In fact, there were two separate bugs leading to this problem, and this PR that I will merge tomorrow to ROOT master will fix both:

Unfortunately, there is no easy workaround, and your options are to either wait for the next ROOT release 6.30 in a few weeks, building ROOT master from source, or use the ROOT nightly once the patch has landed in the nightlies:

Sorry again it took so long to fix this. It was quite an intricate problem.

Let me know if I can do anything else to help!

Cheers,
Jonas

Hi Jonas,

Thank you so much for fixing these bugs. I just ran the ‘toyModel_simple.C’ script (a slightly modified version that uses ‘RooMinimizer’ instead of 'RooMinuit) with the latest ROOT nightly, and now the plotting seems to work, so that is super nice. Again, thanks a lot! :slight_smile:

Cheers,

Veronica

Hi @jonas ,

There seems to be a significant difference in the result of my 2D fit between the most recent root release (6.28/06) and the root version that you fixed, which I run via the nightlies (ROOT 6.29/01). I only observe this inconsistency when the fit is performed in 2D (not in 1D) when the Beeston-Barlow (BB) method is activated (without BB the result in 2D also agrees between the two ROOT versions).

I have attached the script (“toyModel_1D_and_2D_wBB.C”) that I use to run the toy fit. It can be used to perform both a 1D and 2D fit with/without BB. More details of how to run the code can be found in the top of the script.

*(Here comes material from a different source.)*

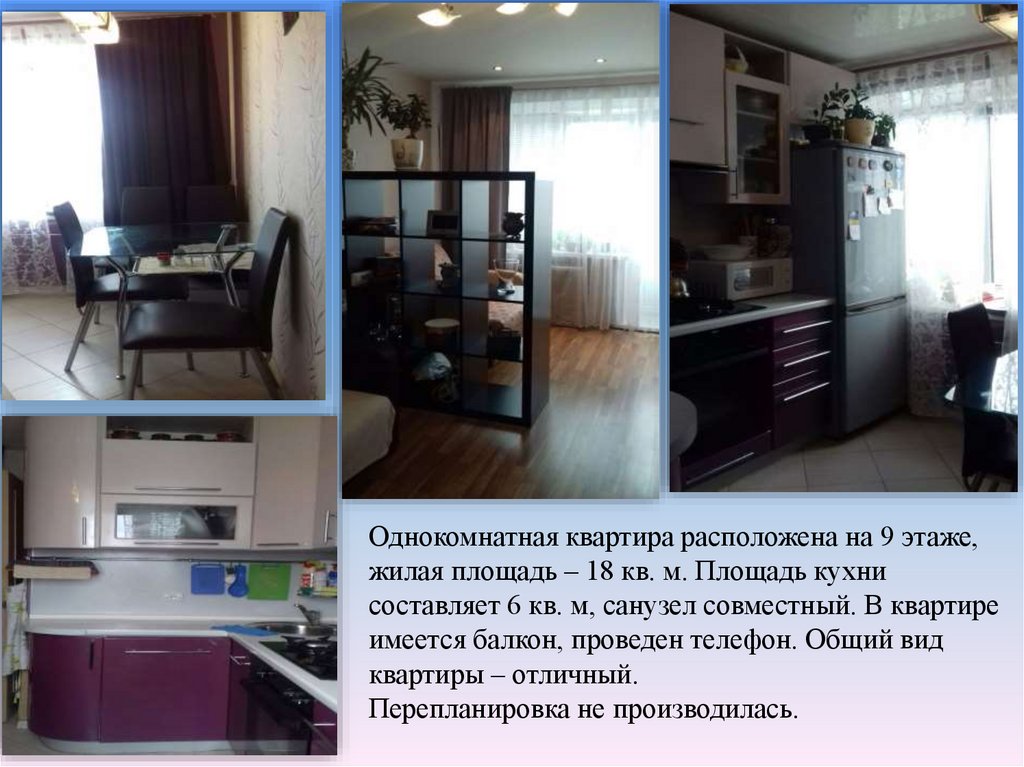 Однокомнатная квартира расположена на 9 этаже,жилая площадь – 18 кв. м. Площадь кухни

The final signal and background yields and, in particular, their uncertainties are different between the two ROOT versions. Furthermore, the table with constant parameters look very different. With ROOT 6.28/06 the gamma parameters in all the bins are minimised to some value different from one, however, with ROOT 6.29/01 many of these parameters are set to one because sigma is found to be zero and for the rest of the parameters the values do not agree between the two versions.

I have attached two text files with the printed output (including the fit result tables) (“printed_output_ROOT_v6_28_06.txt” and “printed_output_ROOT_v6_29_01.txt”).

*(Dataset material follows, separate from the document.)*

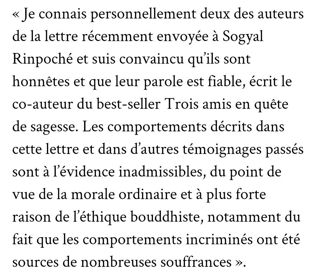 Les bruits couraient depuis 1994. Ce qui est hallucinant rétrospectivement c'est de voir que dans une certaine presse enbouddhisée, en 2016, on écrivait encore pépouze que Sogyal abusait de femmes sans que ça fasse trembler des genoux les journalistes. lemonde.fr/livres/article…

Do you have some idea of what could be causing this difference?

Cheers,
Veronica

toyModel_1D_and_2D_wBB.C (18.6 KB)

printed_output_ROOT_v6_28_06.txt (304.9 KB)

printed_output_ROOT_v6_29_01.txt (271.4 KB)

Hi again @jonas,

We have done some more investigations and we can see that the list of constant parameters are changing between the latest ROOT release and ROOT nightlies.

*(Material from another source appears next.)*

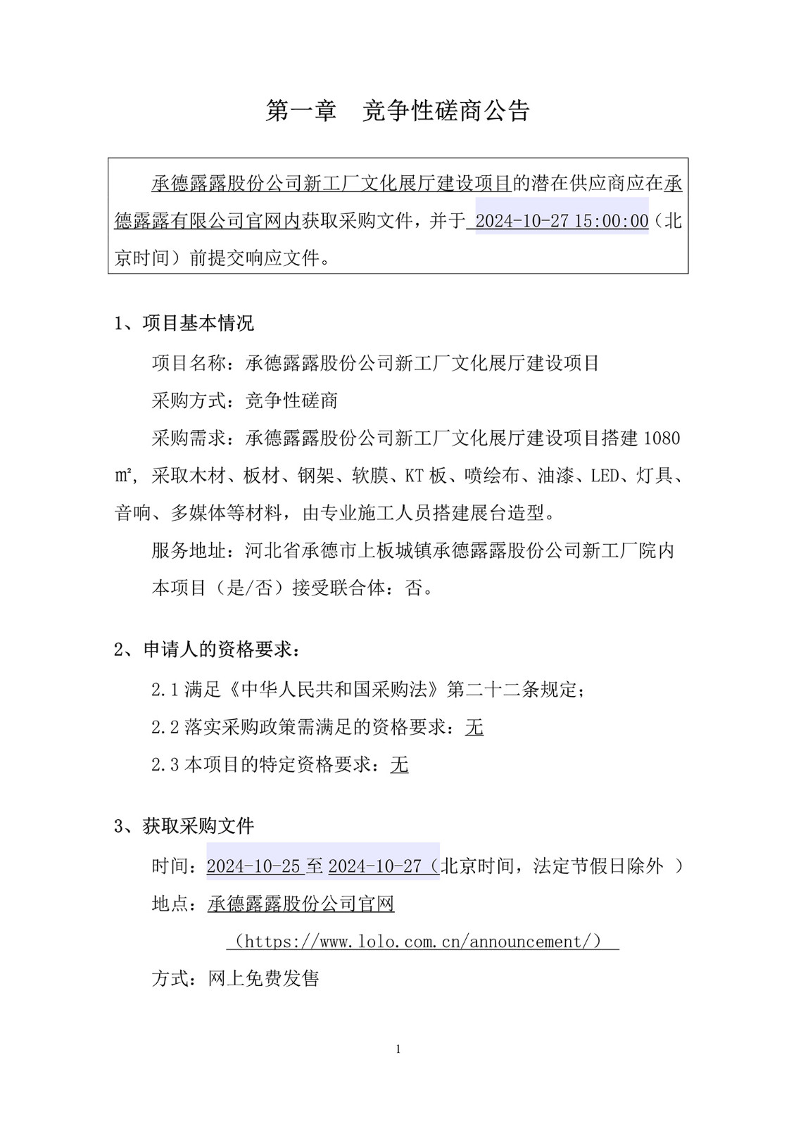 承德露露股份公司新工廠文化展廳建設(shè)項(xiàng)目

This piece of code here https://github.com/root-project/root/blob/90fcd0fb909376d78509354349c51324faa9f9b7/roofit/histfactory/src/HistFactoryImpl.cxx#L110C7-L118C8 seems to cause a difference (HistFactoryImpl does not exist in ROOT 6.28), as some parameters are set constant because their sigma is found to be 0. Where is this different treatment coming from?

For the record, the follow-up question is covered in a new thread:
https://root-forum.cern.ch/t/discrepancy-in-2d-histfactory-fit-results-between-root-versions-6-28-06-vs-nightlies-with-beeston-barlow-method-activated

In general, it’s better to open new threads for follow-up questions once the original question is solved, because then the post is not on our radar anymore. So it’s good that you did this!